The first big trend is that the passive impact of social media is bigger than the active one. By passive we mean the exposure and aggregation of opinions, reviews, ratings and recommendations to impact every web user, regardless of their personal social media involvement. In the short term this is through search; already in 2009, 85% have “searched last month” for information about specific products and 49% for “product recommendations”. Increasingly these searches are dominated by consumer generated reviews or recommendations. Just try searching for a brand or specific product and you can see this impact. As the volume of consumer content continues to outpace professional, this trend will only increase.

Ultimately this means that consumers will increasingly define the first perception of a brand. In the future this will be dictated by social data being overlaid onto mobile devices through Social Augmented Reality, meaning every consumer getting geo relevant recommendations from their immediate network, distant network and people like them. Social will impact every decision we make.

The next big trends is that we increasingly consume content and information based on the consumer network of recommendation and consumer meta data rather than a professionally dictated decision. A consumer recommendation was the top ranked factor for consumers choosing music or videos.
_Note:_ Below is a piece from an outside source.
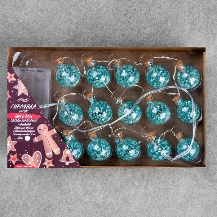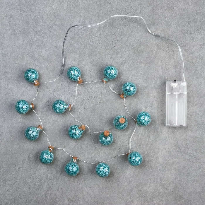 Гирлянда «Нить» 1.6 м с насадками «Бирюзовые шарики», IP20, серебристая нить, 15 LED, батарейки ААх2 (нет в комплекте), свечение белое — Характеристики

For news it was narrowly behind ‘professional’, ‘from a site I know’ and unsurprisingly along way behind ‘it’s recent’.

The future of content will not necessarily be ‘consumer’ created or ‘professionally’ created; it will however be dictated and controlled by the social environment. Take for example your current television service; the likelihood is that you access it via an Electronic Programme Guide. In ten years this EPG will have recommendations from consumers, top viewed programmes and programming tagged with key words. Viewing will be unpredictable and consumer driven. This will also happen with e-readers in the next 10-20 years, meaning that the “social” will eventually impact all aspects of media.

The last big trend we explored was how our digital networks are much now bigger than our face to face ones, for example in the US, the average face to face network is 21.4 and a Social Network one is 49.3. This changes the nature of our social groups and influences to include people we would have lost touch with, distant friends and people complete unknown to us in real life. This is a first in human history and has a significant impact by familiarising us with strangers and broad networks. This is important as we begin to build trust with other consumers and make big decisions based on what they say and we place less emphasis on what the traditional pillars of society say.